Unnamed: 0,Year,KMs Driven
count,20334.0,20334.0
mean,2005.460067,135120.6
std,9.50177,627844.0
min,1915.0,1.0
25%,2001.0,19181.25
50%,2007.0,70000.0
75%,2013.0,100000.0
max,2020.0,10000000.0


In [14]:
continuousDF['Year'].unique()

array([1997., 2006., 1998., 2010., 2013., 2012., 2017., 2009., 1994.,
       1984., 2005., 1988., 1995., 1990., 2014., 1989., 2001., 2000.,
       2007., 2002., 2015., 1999., 1991., 1982., 2004., 2003., 2011.,
       1987., 1993., 2016., 1986., 2008., 2018., 1981., 1978., 1996.,
       1985., 1992., 1980., 1983., 1973., 1964., 1969., 1952., 1979.,
       1974., 1976., 1962., 1967., 1970., 1972., 1960., 1951., 1963.,
       1977., 1971., 1975., 1925., 1968., 2020., 1943., 2019., 1956.,
       1915., 1965.])

In [15]:
from functools import reduce

In [16]:
categoricalVariableDictionary = {}
for categoricalVariable in categoricalVariables:
    vocab = categoricalDF[categoricalVariable].str.lower().unique()
    def _toDictionary(dictionary, vocabItem):
        index, vocabToken = vocabItem
        dictionary[vocabToken] = index
        return dictionary
    categoricalVariableDictionary[categoricalVariable] = reduce(_toDictionary, enumerate(vocab), {})

In [17]:
for key, dick in categoricalVariableDictionary.items():
    print("{}: has this many: {}".format(key.upper(), len(dick.items())))

BRAND: has this many: 23
CONDITION: has this many: 2
FUEL: has this many: 5
MODEL: has this many: 296
REGISTERED CITY: has this many: 61
TRANSACTION TYPE: has this many: 2


In [18]:
for categoricalVar, dictionaryDude in categoricalVariableDictionary.items():
    categoricalDF[categoricalVar] = categoricalDF[categoricalVar].apply(lambda item: dictionaryDude[item.lower()])

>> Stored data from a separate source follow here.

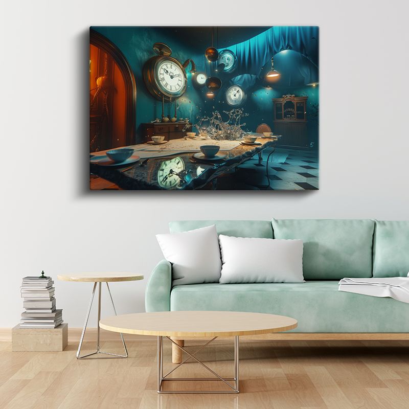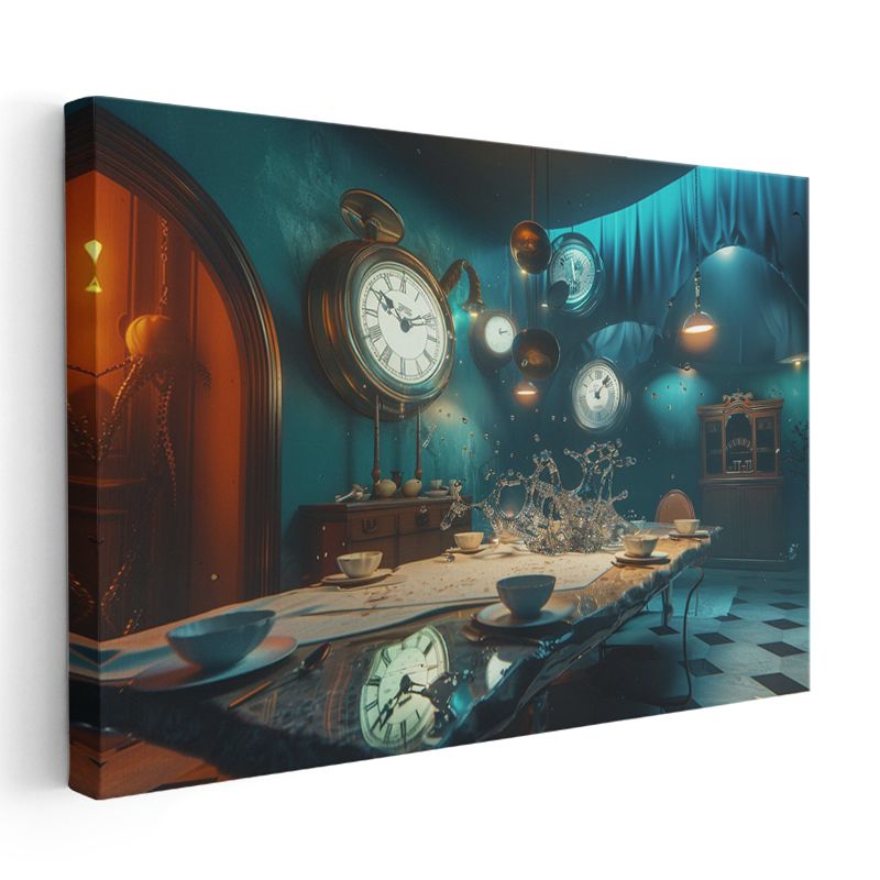 Saat Odası - Eriyen Zaman Masası Kanvas Tablo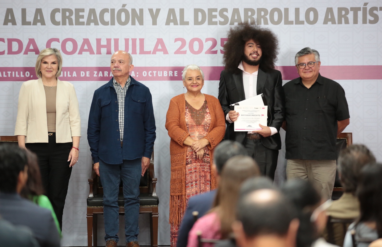 Asimismo afirmó: “ Hoy celebramos no solo los logros de quienes reciben este estímulo, sino también la vocación de todos los creadores que, día a día, trabajan para transformar ideas en experiencias, emociones y conocimiento. Su labor es ejemplo de perseverancia, disciplina y compromiso, y demuestra que la creatividad no tiene límites cuando se combina con talento y dedicación. Al felicitar a los ganadores, los exhorto a continuar explorando y desarrollando su obra con confianza y convicción. Que este estímulo sea un impulso, que cada proyecto se convierta en un referente y que Coahuila siga siendo un espacio donde el arte y la cultura encuentren siempre respaldo, reconocimiento y oportunidades de crecimiento.”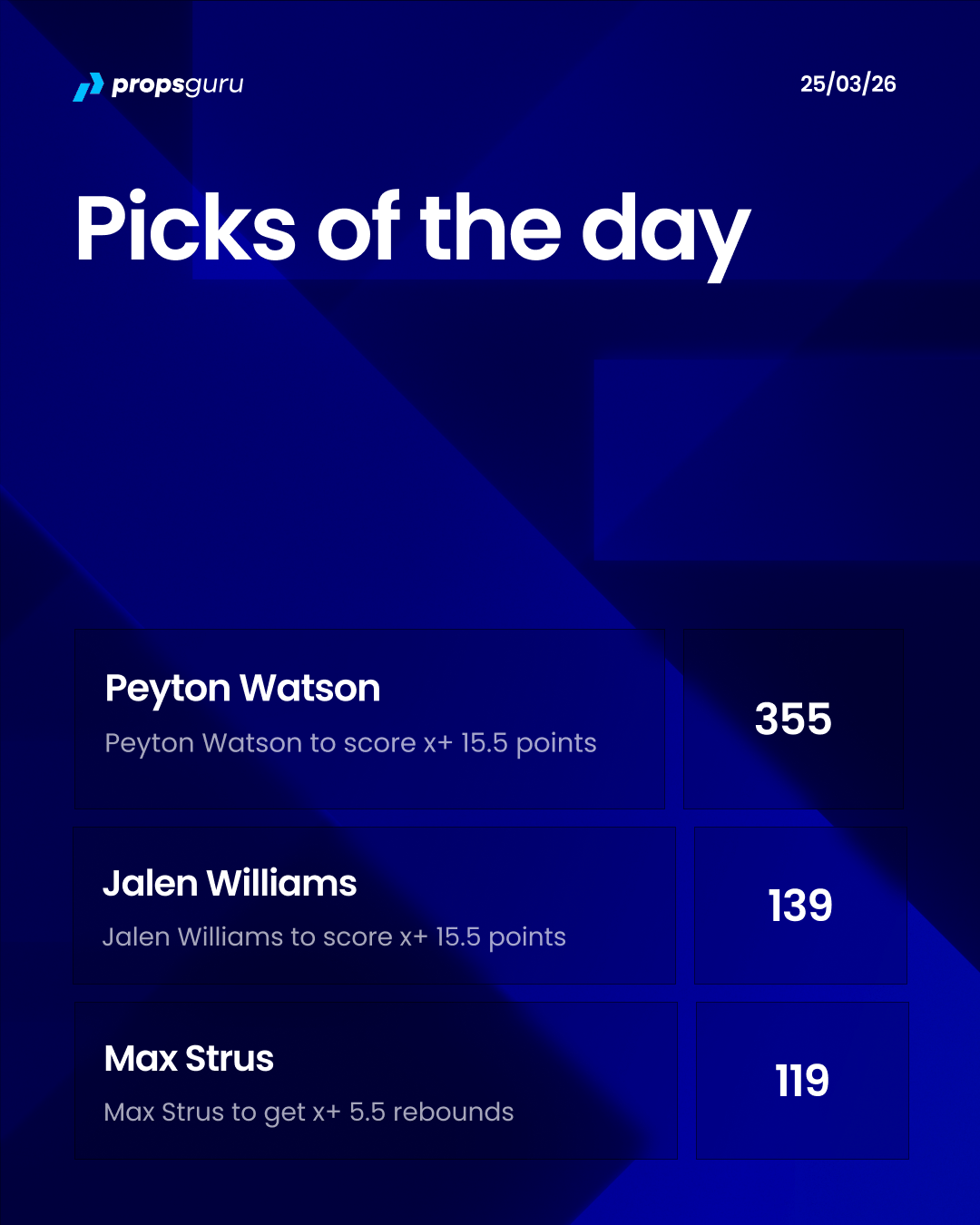 Peyton Watson is very possible of a 16 point game. He’s entering tonight’s match up fresh from an injury, but has been consistently threatening 20 points this year when he’s healthy.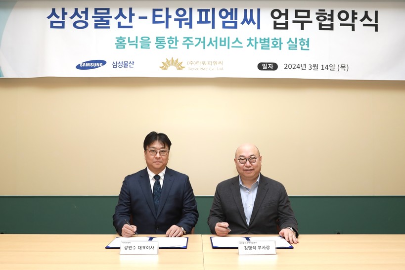 협약식에는 삼성물산 주택사업본부장 김명석 부사장과 타워피엠씨 강민수 부회장 등 양사의 주요 관계자들이 참석해 다양한 브랜드의 기존 공동주택에도 ‘홈닉’ 서비스를 확대 적용할 수 있는 협력 방안을 논의한다.
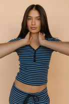 Main details: Soft ribbed stripe fabric with snap closure front. Possibly nursing friendly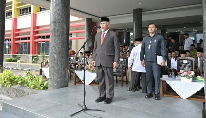 Padang – padangtime.com | Gubernur Sumatera Barat (Sumbar), Mahyeldi Ansharullah bertindak selaku Inspektur pada Upacara Hari Amal Bhakti (HAB) Kementerian Agama (Kemenag) RI ke-79 tahun 2025 di Halaman Kantor Gubernur Sumbar, Jumat (03/01/2025). Gubernur berharap, Kemenag terus memberikan contoh yang baik dalam penyelenggaraan pemerintahaan.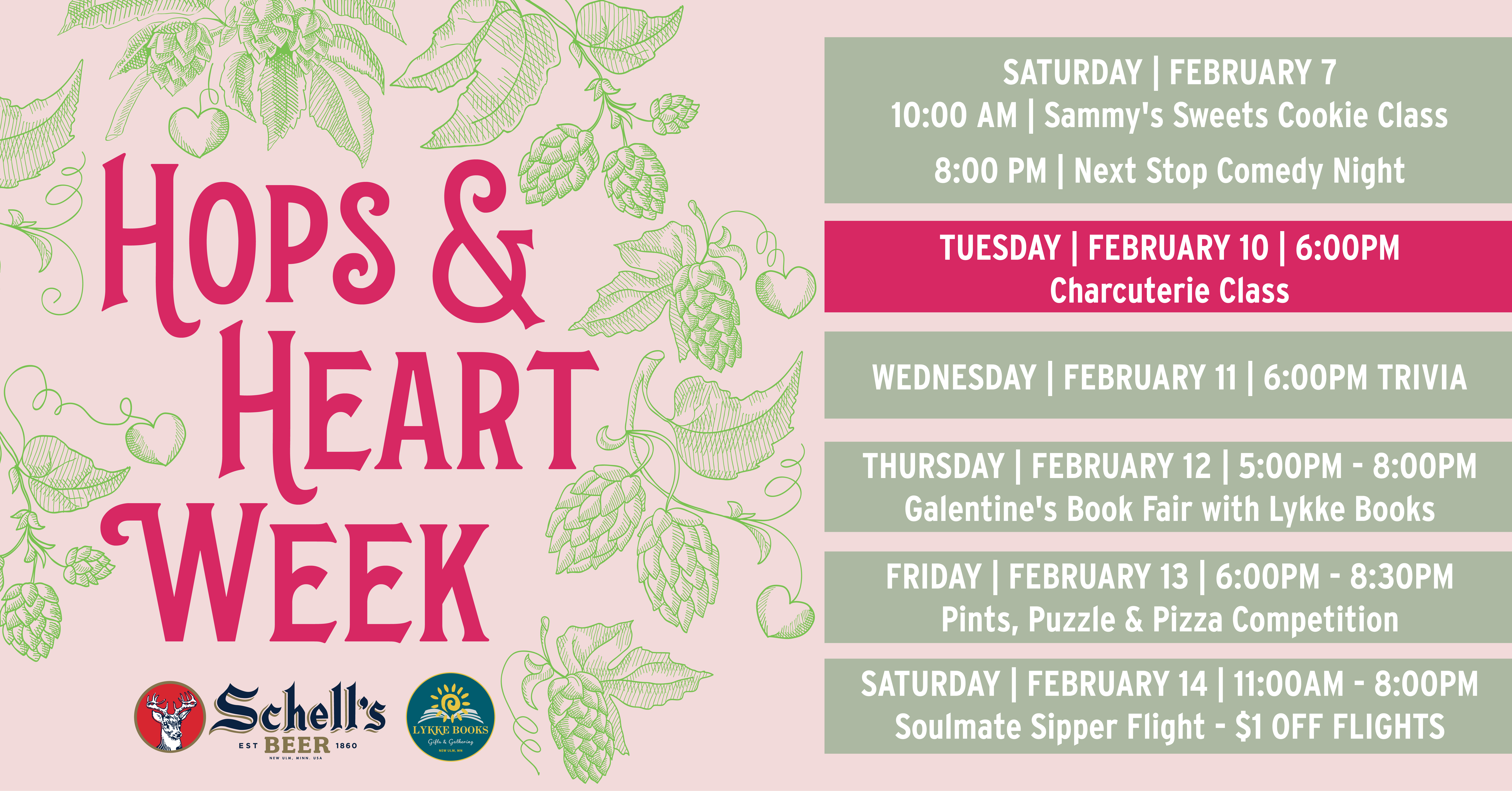 Grab your Valentine or Galentine and learn the art of creating a beautiful charcuterie board in this special Valentine Candlelight Charcuterie Workshop at Schell’s Brewery. You will learn food selection ideas, meat folding techniques, cheese styling, cheese, chocolate and beer pairings and so much more! Whats Included: A palm leaf plate, meat, cheeses, fruits, crackers,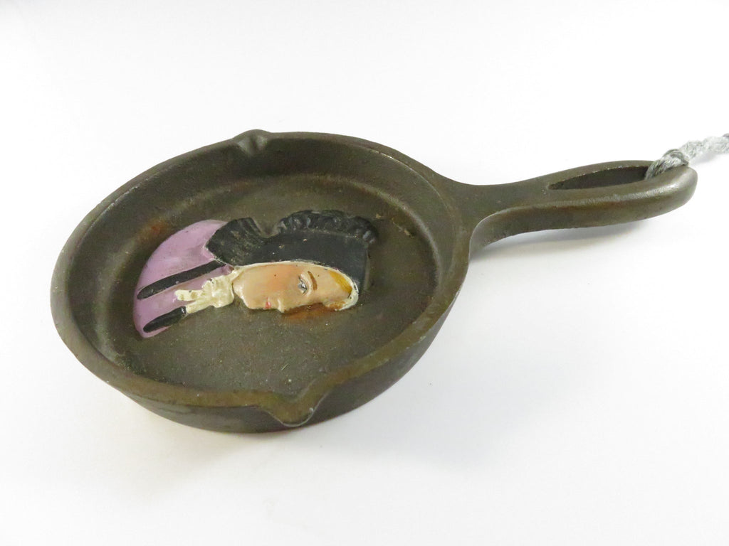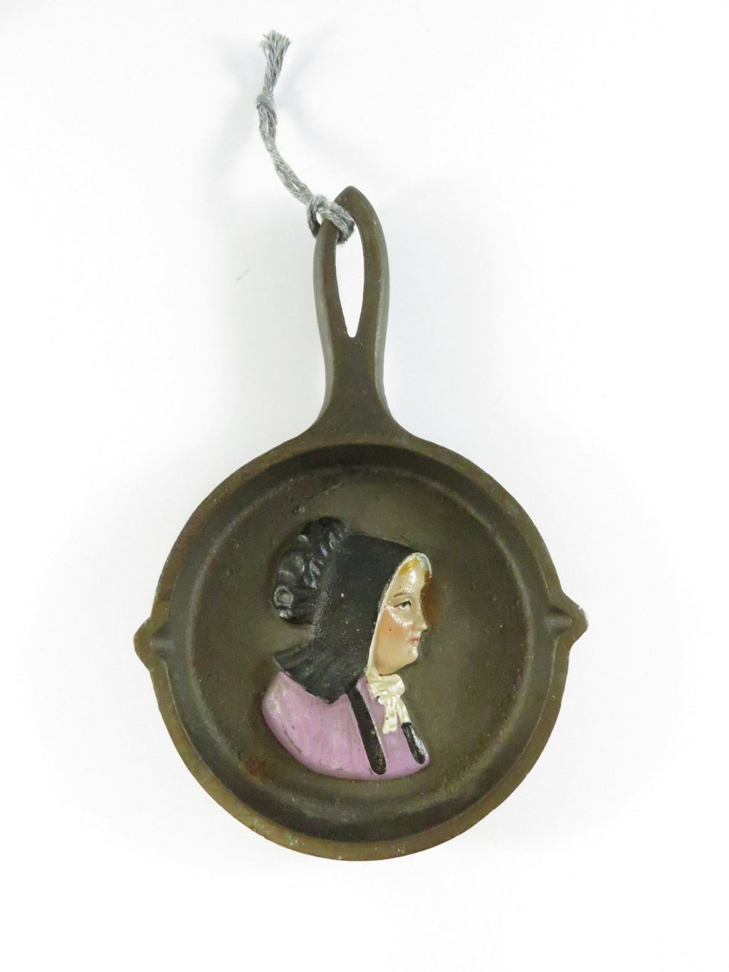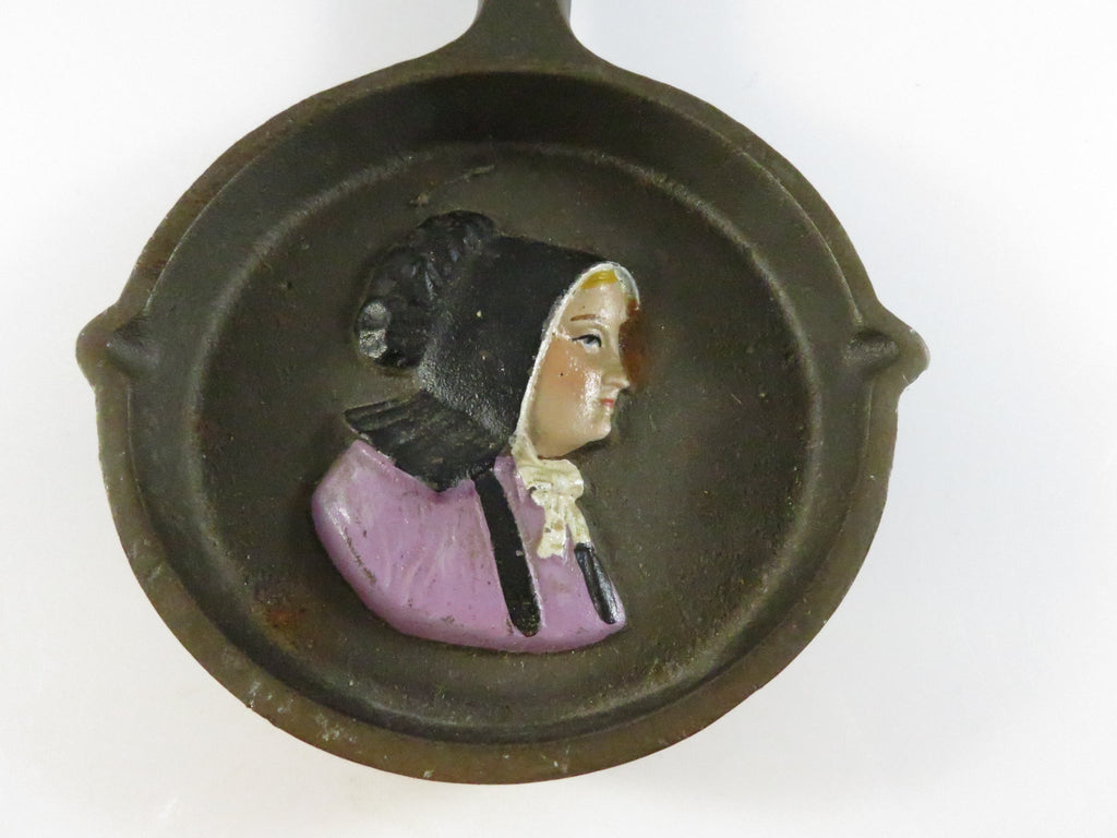Vintage Cast Iron Miniature Skillet with Painted Amish Girl - 6 3/8"

A value is trying to be set on a copy of a slice from a DataFrame.
Try using .loc[row_indexer,col_indexer] = value instead

See the caveats in the documentation: http://pandas.pydata.org/pandas-docs/stable/user_guide/indexing.html#returning-a-view-versus-a-copy
  


In [19]:
categoricalDF.head(-2)

Unnamed: 0,Brand,Condition,Fuel,Model,Registered City,Transaction Type
0,0,0,0,0,0,0
1,1,0,1,1,0,0
2,1,0,2,1,0,0
3,1,0,1,2,0,0
4,0,0,1,3,0,0
...,...,...,...,...,...,...
24964,1,0,2,21,10,0
24965,0,0,2,31,0,0
24966,0,0,1,232,5,0
24968,0,0,2,31,5,0


In [20]:
continuousDF.head(-2)

Unnamed: 0,Year,KMs Driven
0,1997.0,1.0
1,2006.0,100000.0
2,1998.0,12345.0
3,2010.0,94000.0
4,2013.0,100000.0
...,...,...
24964,1989.0,100000.0
24965,1994.0,100000.0
24966,2011.0,76190.0
24968,2001.0,200000.0


In [21]:
xDataSet = categoricalDF.join(continuousDF, how='outer')

In [22]:
xDataSet.head()

Unnamed: 0,Brand,Condition,Fuel,Model,Registered City,Transaction Type,Year,KMs Driven
0,0,0,0,0,0,0,1997.0,1.0
1,1,0,1,1,0,0,2006.0,100000.0
2,1,0,2,1,0,0,1998.0,12345.0
3,1,0,1,2,0,0,2010.0,94000.0
4,0,0,1,3,0,0,2013.0,100000.0


In [23]:
yDataSet = cleanedCarsDF['Price']

In [24]:
yDataSet.head()

0    2100000
1     380000
2     340000
3     535000
4    1430000
Name: Price, dtype: int64

In [25]:
from sklearn.tree import DecisionTreeRegressor

usedCarModel = DecisionTreeRegressor(random_state=1)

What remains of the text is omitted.